Task:
Only the lines from the one with "Що може бути" to the end of the data below should be given again, exactly, with both ends included and pictures omitted.

Exercise data:
<<<<
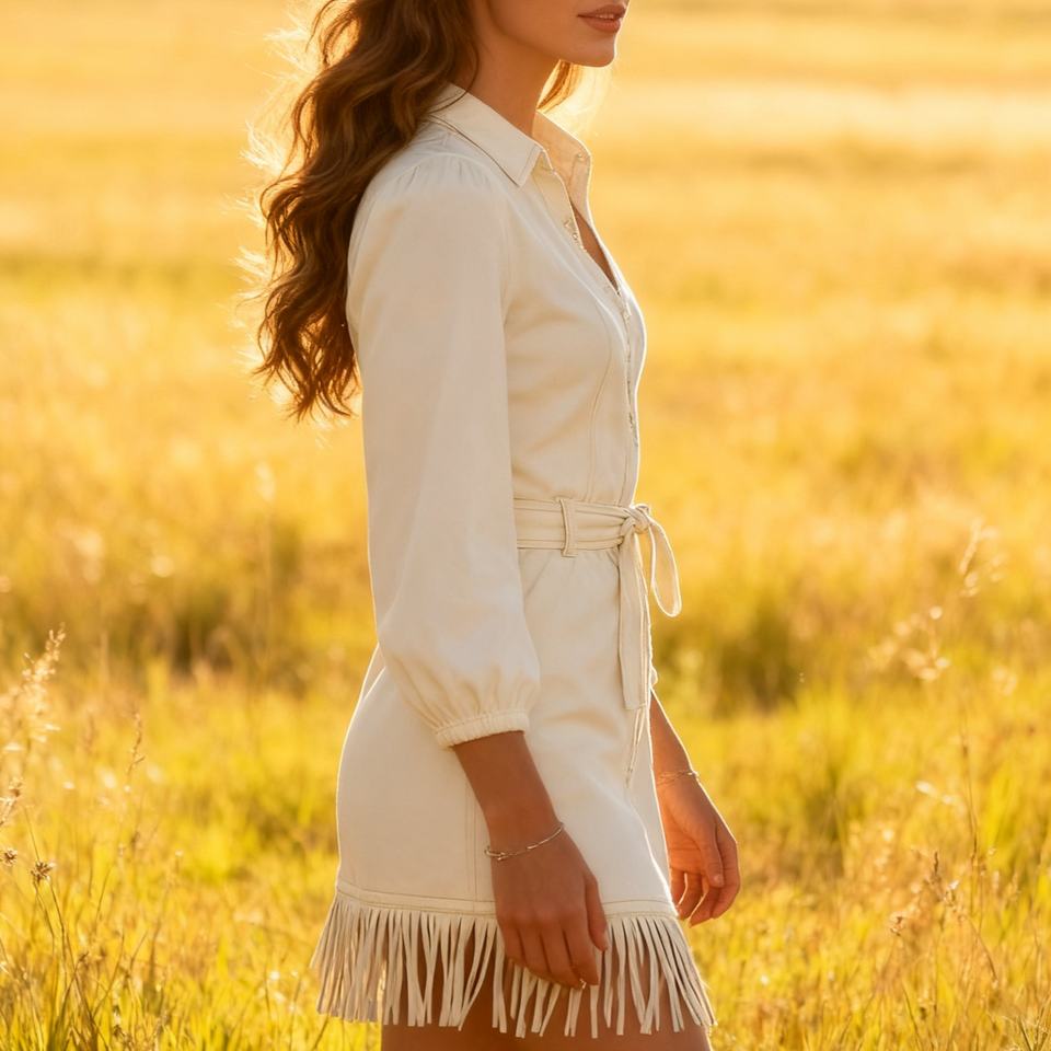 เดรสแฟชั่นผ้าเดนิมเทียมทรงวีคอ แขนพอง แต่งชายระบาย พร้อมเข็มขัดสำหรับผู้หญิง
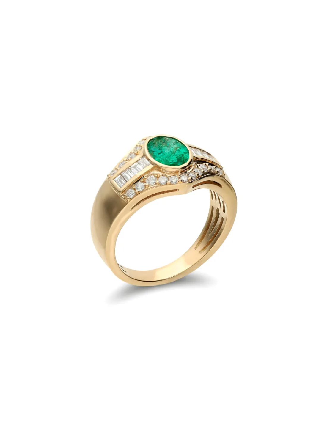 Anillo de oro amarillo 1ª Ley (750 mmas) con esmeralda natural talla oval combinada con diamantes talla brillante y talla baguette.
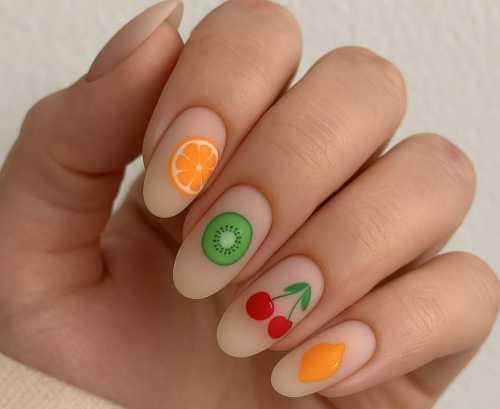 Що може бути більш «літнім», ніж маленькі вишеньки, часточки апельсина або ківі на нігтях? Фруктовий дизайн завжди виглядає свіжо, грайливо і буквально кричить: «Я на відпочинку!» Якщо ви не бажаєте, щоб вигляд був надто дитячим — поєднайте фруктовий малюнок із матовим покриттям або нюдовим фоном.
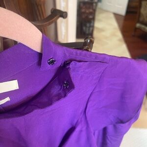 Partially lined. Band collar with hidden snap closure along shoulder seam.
>>>>
Reply:
 Що може бути більш «літнім», ніж маленькі вишеньки, часточки апельсина або ківі на нігтях? Фруктовий дизайн завжди виглядає свіжо, грайливо і буквально кричить: «Я на відпочинку!» Якщо ви не бажаєте, щоб вигляд був надто дитячим — поєднайте фруктовий малюнок із матовим покриттям або нюдовим фоном.
 Partially lined. Band collar with hidden snap closure along shoulder seam.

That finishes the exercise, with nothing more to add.